When the number of CBAMs increases to three, the model’s precision significantly decreases to 89.1%, and its recall is 96.3%, mAP0.5 is 0.955, and mAP0.5:0.95 is 0.743. These results indicate that an excessive number of CBAMs negatively impact model performance, particularly in precision and mAP0.5:0.95. This may be due to the fact that an excessive number of attention modules hinder model convergence during training, or the attention mechanism overly focuses on certain features while neglecting other important information.

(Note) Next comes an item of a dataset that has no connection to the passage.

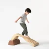 The path is made of high quality plastic. With a special twist design, it makes the two ends slope in opposite directions. No flat sides creates challenges for children when climbing up and down, which requires children’s attention and focus. Alternating the position of the Base creates three different heights and slopes. The ripple pattern not only provides sensory stimulation to the feet, but also provides better grip while walking on the trail. The stand can be placed under the path for easy storage. Maximum weight: 60 kg. Age: 3+ Dimensions: base 51.2 x 25.8 x 17 cm. path: 95 x 41.2 x 27.5 cm.

An appropriate number of CBAMs (e.g., CBAM = 1) can provide the best performance improvement, while an excessive number may lead to performance degradation. Therefore, in practical applications, the number of CBAMs should be chosen based on specific task requirements to balance model performance and complexity.
5. Conclusions
To improve the network’s capability to learn targets and extract valuable feature information from blurred images with intricate backgrounds, this study addresses the challenges of side-scan sonar imaging, where features are often indistinct and sparsely distributed. We propose the ABFP-YOLO model to improve the accuracy and real-time performance of underwater target detection. The BiFPN structure is integrated into the Neck of the network to efficiently fuse multi-scale features, significantly enhancing the network’s ability to detect targets of varying scales, particularly small targets in complex scenarios. Additionally, the CBAM is introduced and applied to the neural network to strengthen feature extraction from blurred images. Our enhanced model demonstrates that the introduction of the CBAM and BiFPN modules significantly improves recall and mAP0.5:0.95, especially in complex scenarios and small target detection tasks, where the model exhibits greater robustness. The combined use of these modules further enhances the model’s comprehensive detection capabilities. Extensive experimental validation effectively establishes the accuracy and generalization ability of the proposed model. Furthermore, we discuss the performance under different CBAM configurations. An appropriate number of CBAMs (e.g., CBAM = 1) can provide the best performance improvement, while an excessive number may lead to performance degradation. Therefore, in practical applications, the number of CBAMs should be chosen based on specific task requirements to balance model performance and complexity. In future work, we will continue to optimize the network model for underwater target recognition to improve detection speed. Additionally, we will further improve the image quality of underwater scanning images and enrich the dataset to enable the model to adapt to more diverse underwater scenarios, thereby advancing the application of this model in specialized underwater environments with AI technologies.